Of course, none of this was a surprise to the workers. Marcelo Iurcovich never stopped presenting himself to them as the boss, the real boss, as he did on the day of the occupation of the hotel in March of 2003.

All this makes one think, with a fair degree of plausibility, that the manuever of stripping the hotel Bauen included the sale to Solari, and also Solari’s bankruptcy with the unpaid sale, which let Marcelo Iurcovich come back into ownership and sell it to himself as Mercoteles, for which he did not even judge it necessary to wait for the property to be returned to him judicially, as, in fact, happened. But this last sale also had the advantage of freeing himself of the employees, who were creditors in the bankruptcy case of a company (Solari SA) that was not either of the two in this transaction (Bauen SA and Mercoteles SA). Also, as Gallardo notes, he also got out from under the mortgage that weighed on the property. Gallardo says:

In the writ, it was established that it was sold as free from mortgage liens, a writ added in this case to fs. 6431/6453. Subsequently, can be seen in the records of the Registry of Real Estate which we include, that on August 28, 2001, a record was registered that annuls the prior record of expiration of mortgages, which is why such liens became operational again, once the writ of transferrence of dominion in favor of Mercoteles took effect.

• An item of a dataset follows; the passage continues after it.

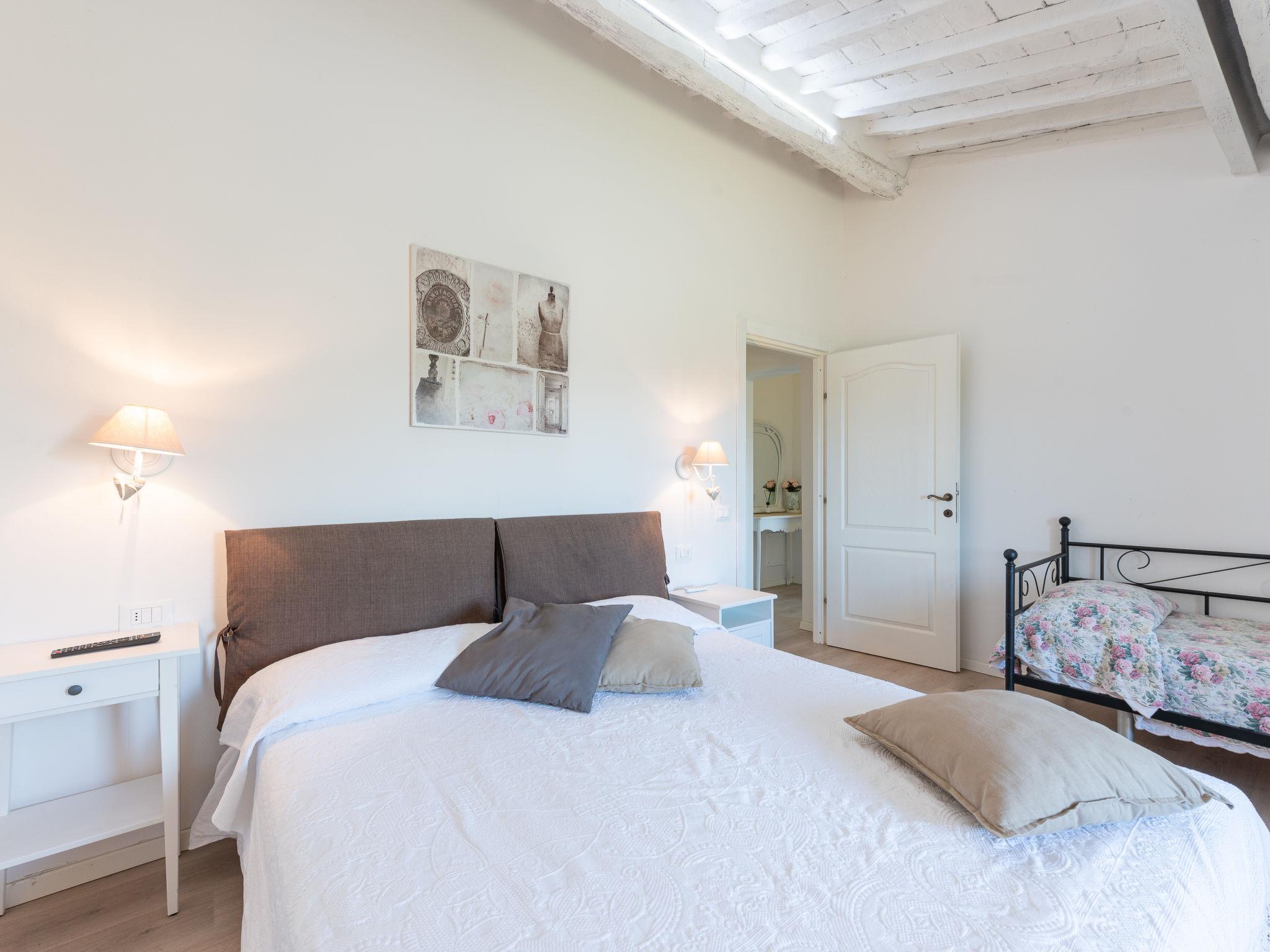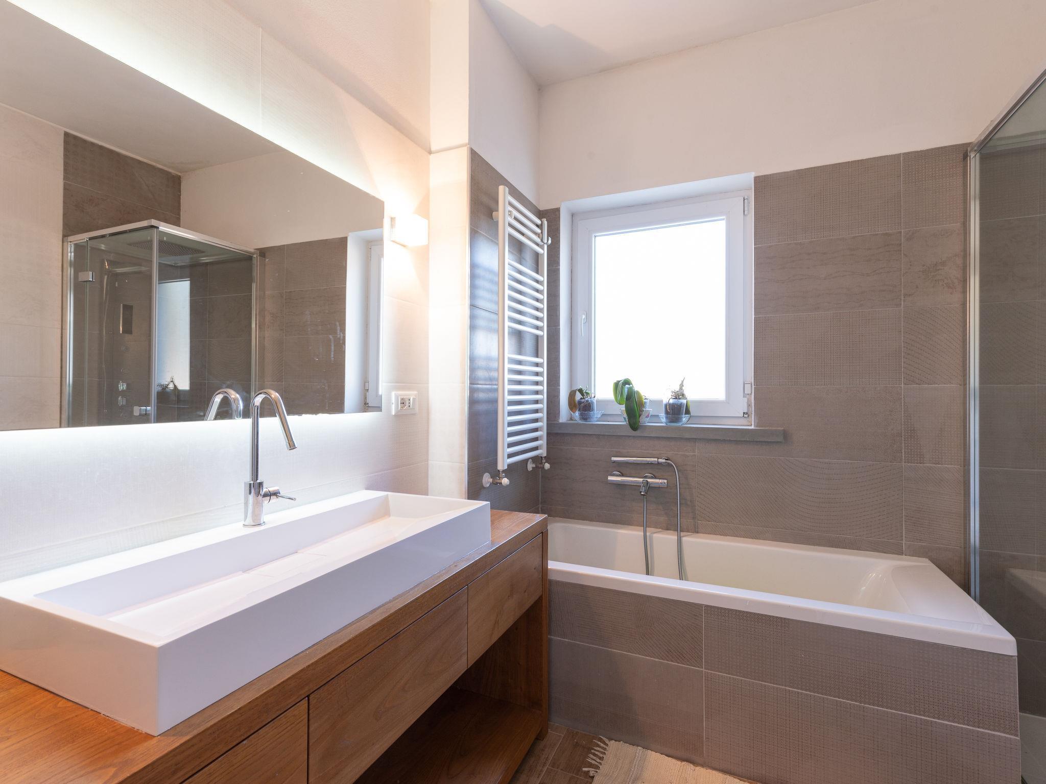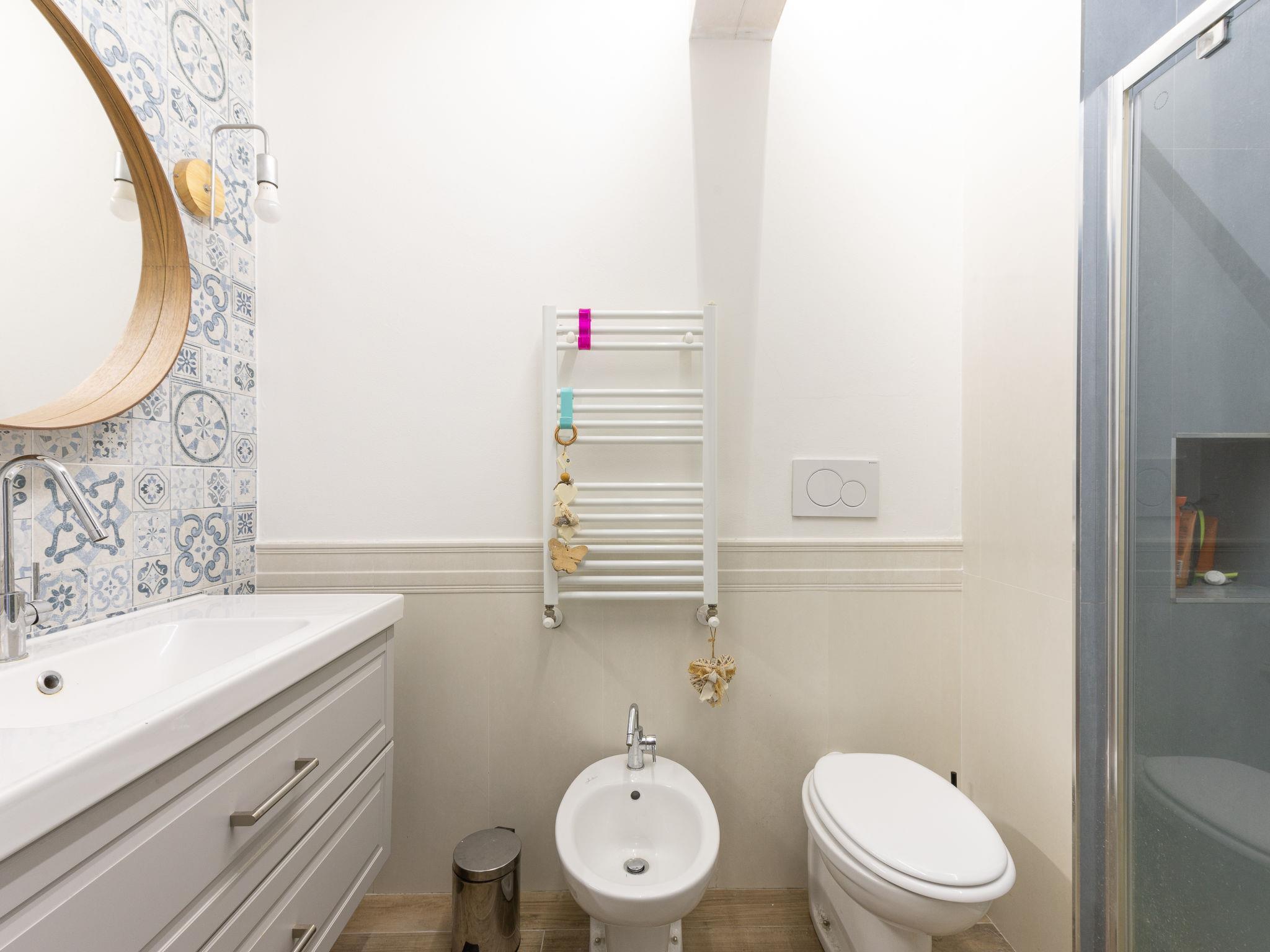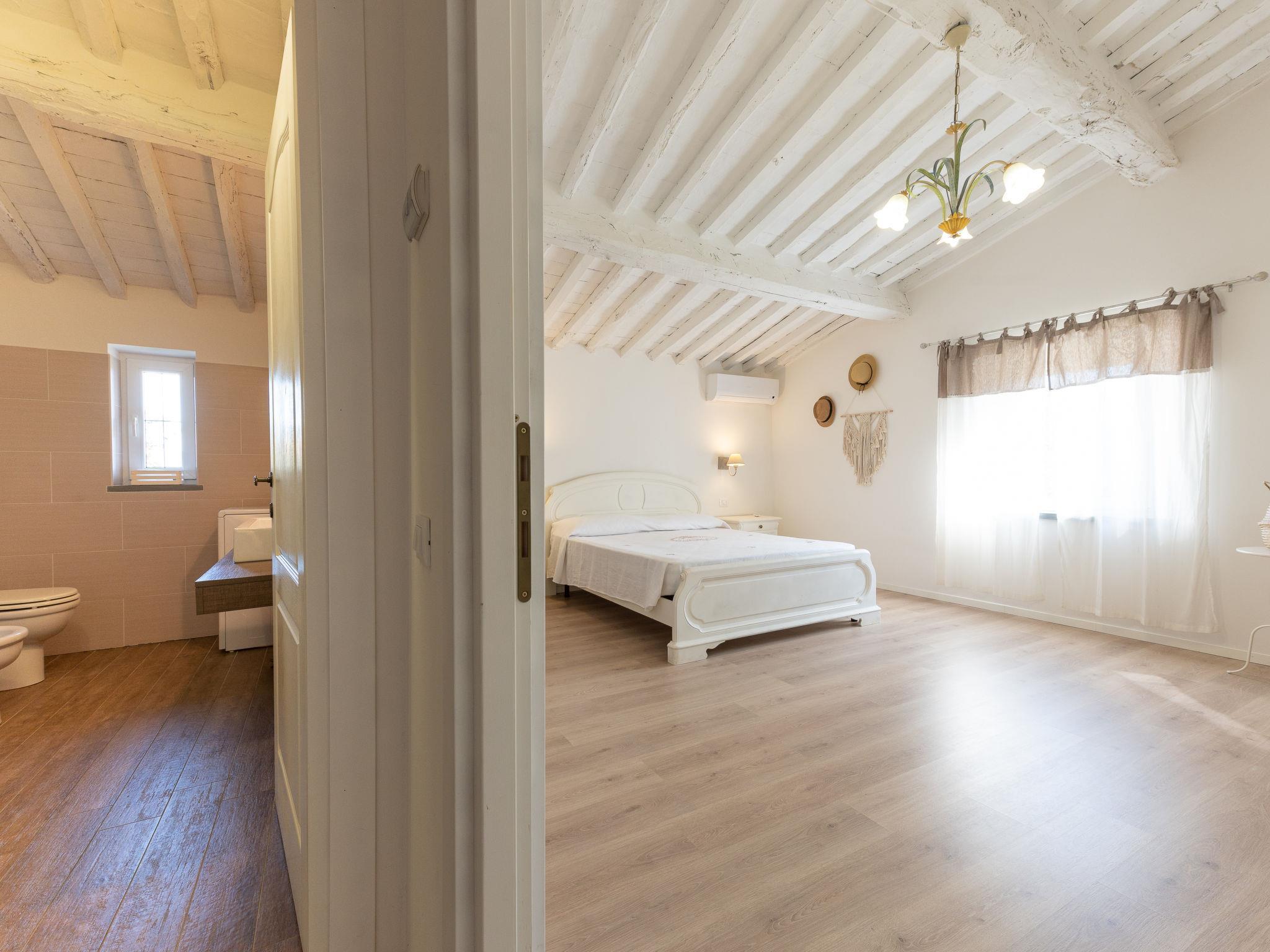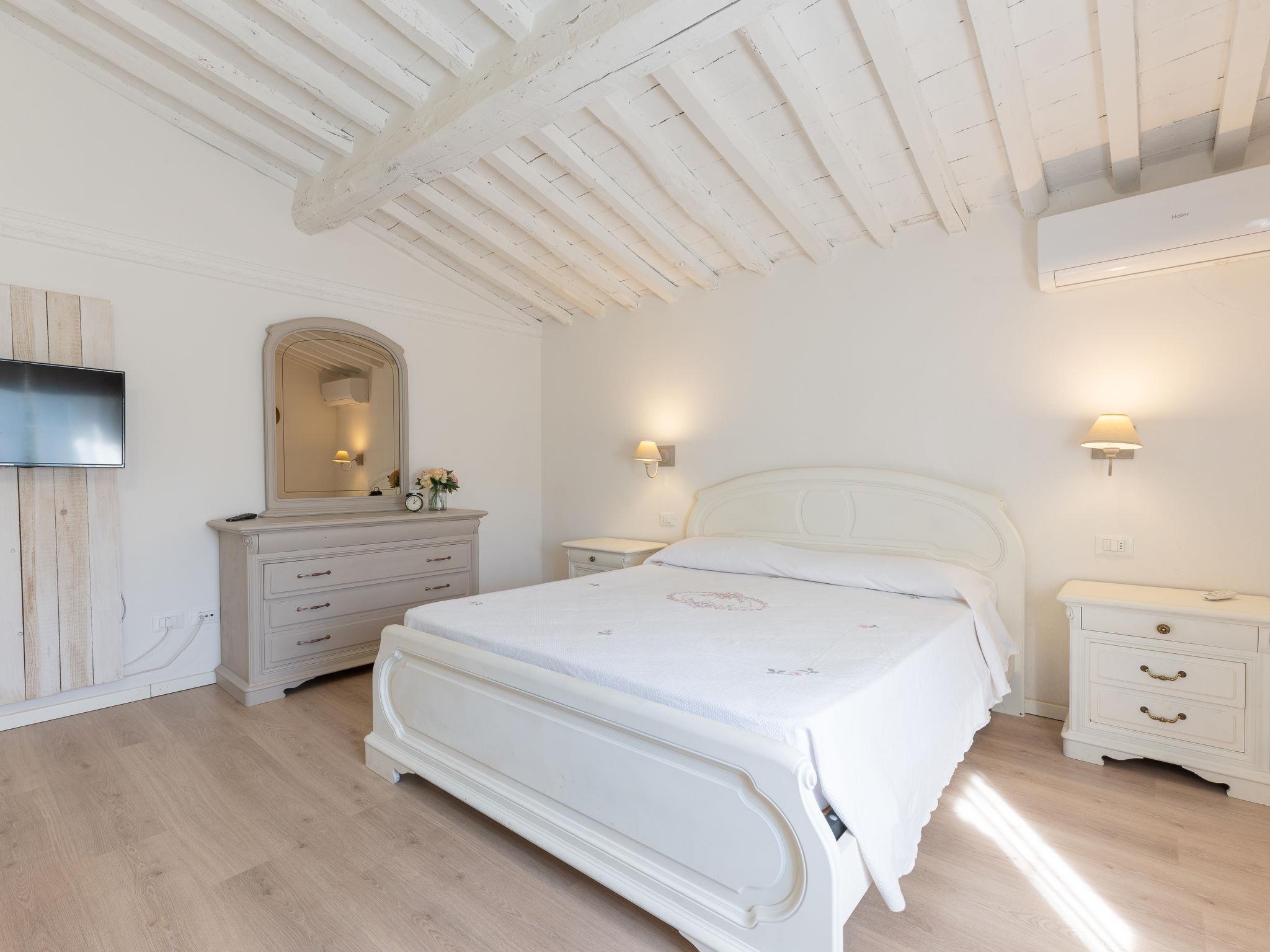 8-room house 300 m2 on 2 levels. Spacious and bright, tasteful furnishings: open large living/dining room with panoramic window with dining table, flat screen and air conditioning. Exit to the garden, to the terrace. 1 double bedroom. 1 room with 1 bed. 1 small room with 1 bed. Kitchen (oven, dishwasher, 4 induction hot plates, toaster, kettle, microwave, electric coffee machine). Shower/bidet/WC, bath/shower/bidet/WC. Upper floor: living room with 1 double sofabed, dining table and TV. 2 rooms, each room with 1 bed, 1 double bed and air conditioning. 1 double bedroom with air conditioning. Open kitchen (4 induction hot plates, microwave, electric coffee machine). 2 showers/bidet/WC. Wood heating. Solar power. Facilities: washing machine, iron, mosquito net, baby cot for up to 2 year olds, hair dryer. Internet (WiFi, free). Parking at the house. Maximum 1 pet/ dog allowed. No internal connecting door between the floors. The house consists of one large flat on the ground floor and two on the first floor, there is no internal connection between the floors, the two flats on the upper floor have a common internal staircase for access. IT053024C25B9M6GEN

In other words, the mortgage that weighed on Bauen SACIC because of the debt with the BANADE disappeared in the sale to Mercoteles, which ends up with a hotel without debts. The mortgage then reappeared as belonging to the old Bauen enterprise, which no longer has any property. This was disputed judicially, and Room C of the Civil Chamber, on September 12th, 2002, ruled that this operation was not valid, and also questioned Mercoteles’ attitude. As adjunct attorney general Roberto Gallardo put it:

“It is not an act of good faith for one, availing himself of information provided by the Registry, (expiration of the records where mortgages are documented), to acquire the functional units as if they were free from mortgage liens.”

To be clearer: the key to the manuever is making the step to properties without debts—with the mortgage in the hands of a company that no longer has any property—and without workers, since they were expelled by the closure of the hotel when it was bankrupted by Solari.

This manuever is characteristic of the clever ways the Argentine bourgeoisie make money out of nothing, and would be technically perfect, except for one small detail. In Argentina, in 2001, workers had learned to defend their jobs by occupying businesses.